LaReQA (XQUAD-R) results reproducability for mBERT
Doragd opened this issue · 5 comments
@sebastianruder @nconstant-google
Sorry to bother you. There are some details I know not clear. Could you answer the following questions?
========================================================
I found the training and evaluating scripts for LaReQA on
https://github.com/google-research/xtreme/blob/master/scripts/train_lareqa.sh
https://github.com/google-research/xtreme/blob/master/scripts/run_eval_lareqa.sh
Is the scripts and the source code associated with this paper?
Is there any difference compared to the implementations mentioned in the original paper?
=========================================================
For XQUAD-R, I would like to know the K value of mAP@K?

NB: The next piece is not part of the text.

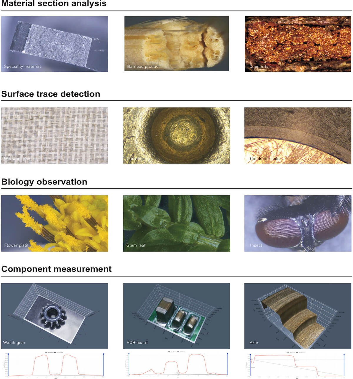 - 材料斷面分析、表面痕跡檢測、生物學觀察、零部件測量。

Is equal to the correct candidates, i.e. 11 relevant answers ==> mAP@11?
However, the metric of the source code in this repo is set to 20, i.e. mAP@20.
Actually, I would like to reproduce the En-EN results of mBERT (mAP=0.29).
I do not know the original K value in the paper.
=========================================================
Thanks a lot ~
The LAReQA scripts in this repo can be used to reproduce the XTREME-R paper experiments.
The original LAReQA paper uses "full" mAP, with no cutoff K. To match that setting, you can remove k=20 on this line.
For baseline X-X, I noticed the mention in the original paper :
Our second baseline “X-X” extends the same SQuAD train set by translating each example into the 11 XQuAD languages using an in-house translation system.
Is the translation data of SQuAD train set equal to https://console.cloud.google.com/storage/browser/xtreme_translations ?
The translations are not identical, but they should be similar quality.
We don't plan to run the translate-train experiment for LaReQA. Feel free to use the numbers from the LaReQA paper.